Output only the lines of the entries that follow, starting at the one with "2025年(1-6月)の中古" and running down to the one with "6 Pezzi Fiori", both included and unchanged.

-------- Data supplied --------

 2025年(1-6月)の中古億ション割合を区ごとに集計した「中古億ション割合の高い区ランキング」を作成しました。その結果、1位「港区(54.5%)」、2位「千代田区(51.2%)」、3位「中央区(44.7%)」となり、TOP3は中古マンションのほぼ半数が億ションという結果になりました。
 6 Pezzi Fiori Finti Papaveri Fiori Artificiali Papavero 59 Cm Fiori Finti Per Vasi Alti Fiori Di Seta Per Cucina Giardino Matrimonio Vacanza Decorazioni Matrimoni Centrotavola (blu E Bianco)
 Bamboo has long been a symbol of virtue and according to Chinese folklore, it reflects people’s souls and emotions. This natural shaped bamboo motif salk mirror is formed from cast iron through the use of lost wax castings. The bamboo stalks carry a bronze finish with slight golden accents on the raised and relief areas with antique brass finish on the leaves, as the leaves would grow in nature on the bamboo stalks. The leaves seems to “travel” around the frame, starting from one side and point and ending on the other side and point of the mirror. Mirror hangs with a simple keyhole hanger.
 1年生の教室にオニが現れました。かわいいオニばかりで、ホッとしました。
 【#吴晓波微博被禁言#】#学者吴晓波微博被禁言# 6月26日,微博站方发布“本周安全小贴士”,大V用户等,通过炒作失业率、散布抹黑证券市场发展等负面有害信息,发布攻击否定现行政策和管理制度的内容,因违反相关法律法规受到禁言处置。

--------
-------- Data supplied --------

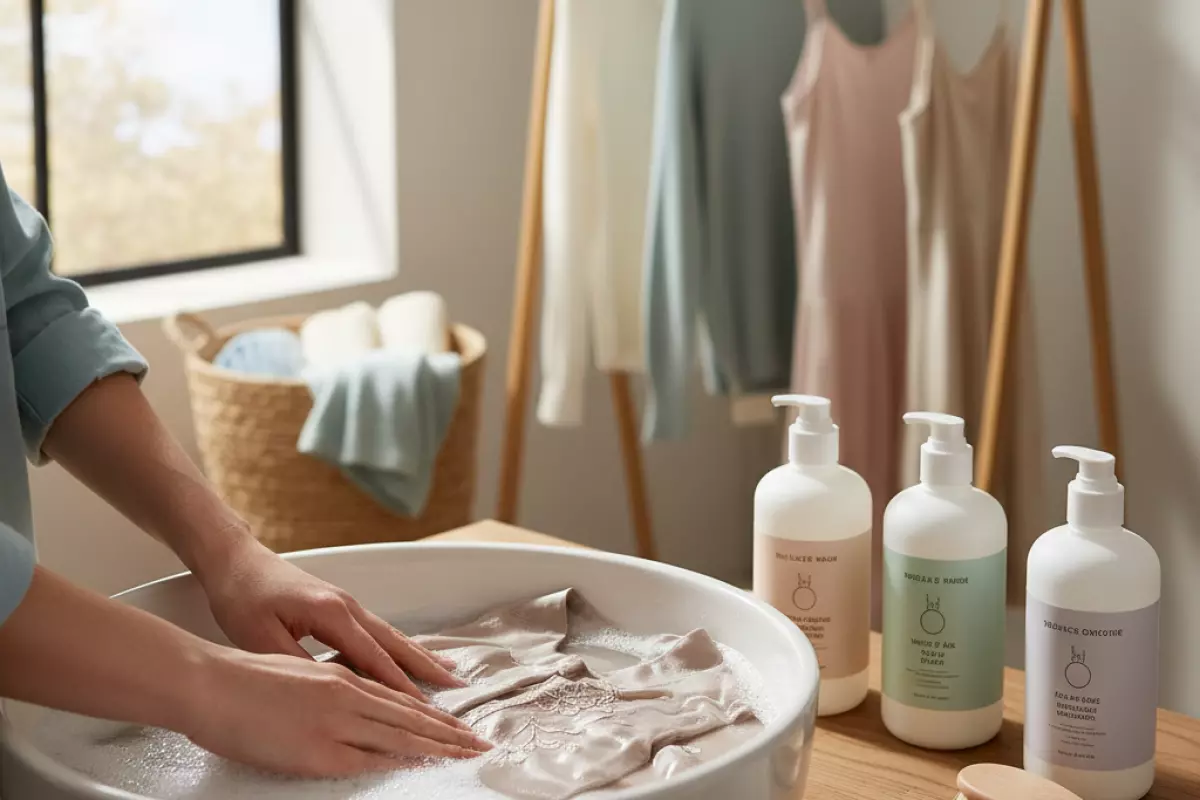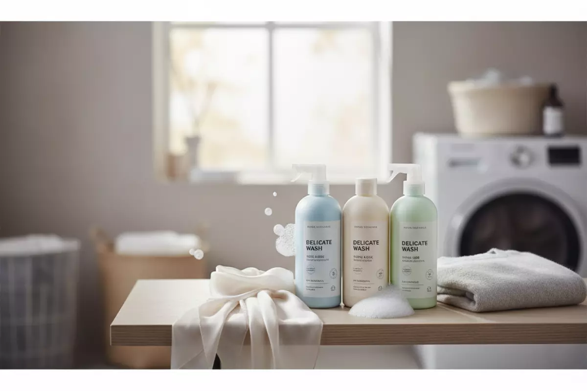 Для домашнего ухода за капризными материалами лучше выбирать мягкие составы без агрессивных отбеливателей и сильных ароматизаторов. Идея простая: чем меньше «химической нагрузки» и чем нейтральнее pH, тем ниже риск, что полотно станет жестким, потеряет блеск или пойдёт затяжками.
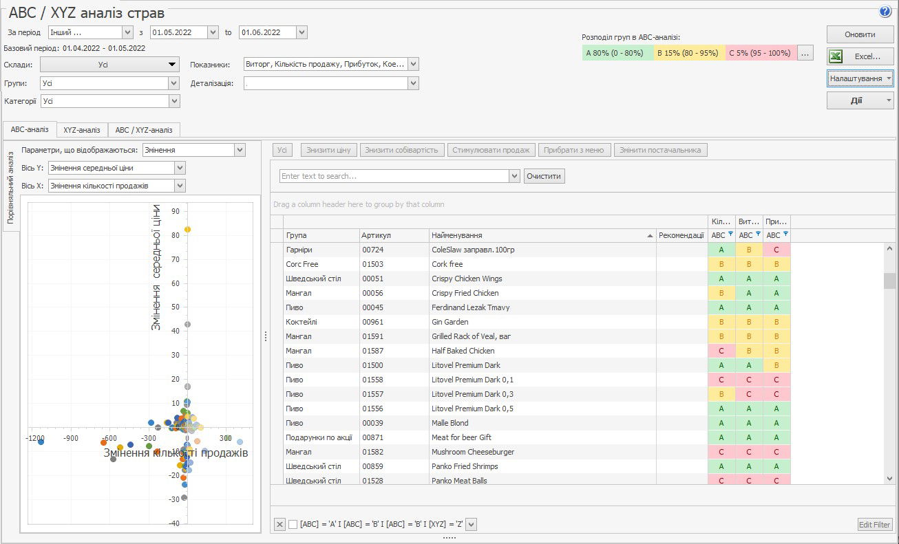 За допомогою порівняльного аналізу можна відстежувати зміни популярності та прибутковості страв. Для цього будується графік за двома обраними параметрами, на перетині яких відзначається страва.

--------
-------- Data supplied --------

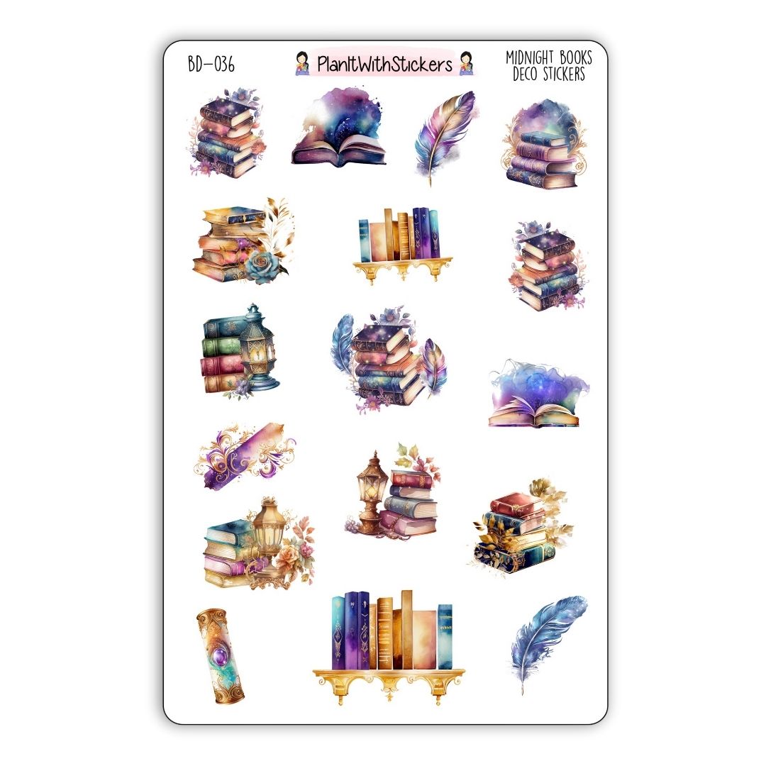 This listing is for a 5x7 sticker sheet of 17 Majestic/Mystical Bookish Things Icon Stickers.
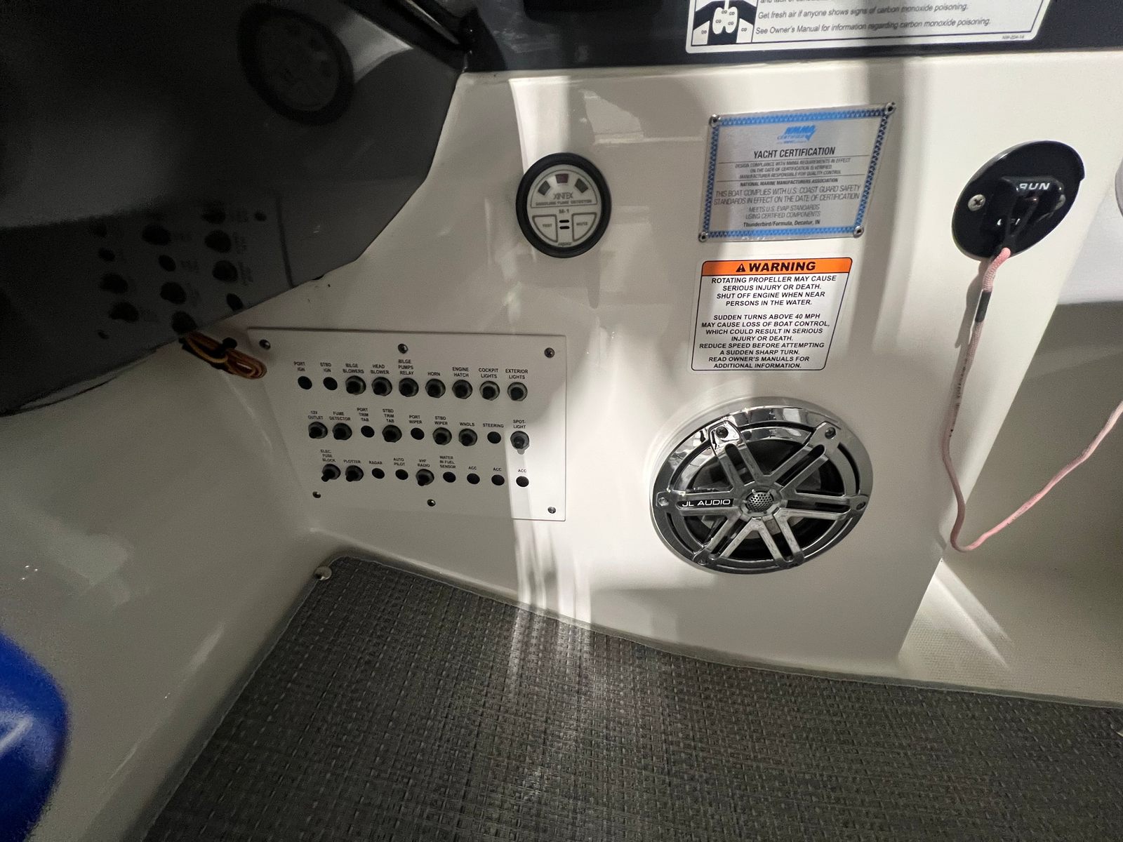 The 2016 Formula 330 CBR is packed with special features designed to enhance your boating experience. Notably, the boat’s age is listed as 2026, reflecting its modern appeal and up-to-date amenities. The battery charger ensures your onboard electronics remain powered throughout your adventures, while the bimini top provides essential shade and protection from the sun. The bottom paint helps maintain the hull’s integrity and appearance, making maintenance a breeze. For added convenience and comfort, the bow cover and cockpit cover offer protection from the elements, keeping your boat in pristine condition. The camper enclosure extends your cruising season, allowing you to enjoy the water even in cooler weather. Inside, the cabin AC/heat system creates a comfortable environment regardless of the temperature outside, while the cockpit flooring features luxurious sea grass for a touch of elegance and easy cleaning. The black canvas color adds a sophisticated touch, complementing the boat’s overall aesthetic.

--------

Solution to the problem:
 2025年(1-6月)の中古億ション割合を区ごとに集計した「中古億ション割合の高い区ランキング」を作成しました。その結果、1位「港区(54.5%)」、2位「千代田区(51.2%)」、3位「中央区(44.7%)」となり、TOP3は中古マンションのほぼ半数が億ションという結果になりました。
 6 Pezzi Fiori Finti Papaveri Fiori Artificiali Papavero 59 Cm Fiori Finti Per Vasi Alti Fiori Di Seta Per Cucina Giardino Matrimonio Vacanza Decorazioni Matrimoni Centrotavola (blu E Bianco)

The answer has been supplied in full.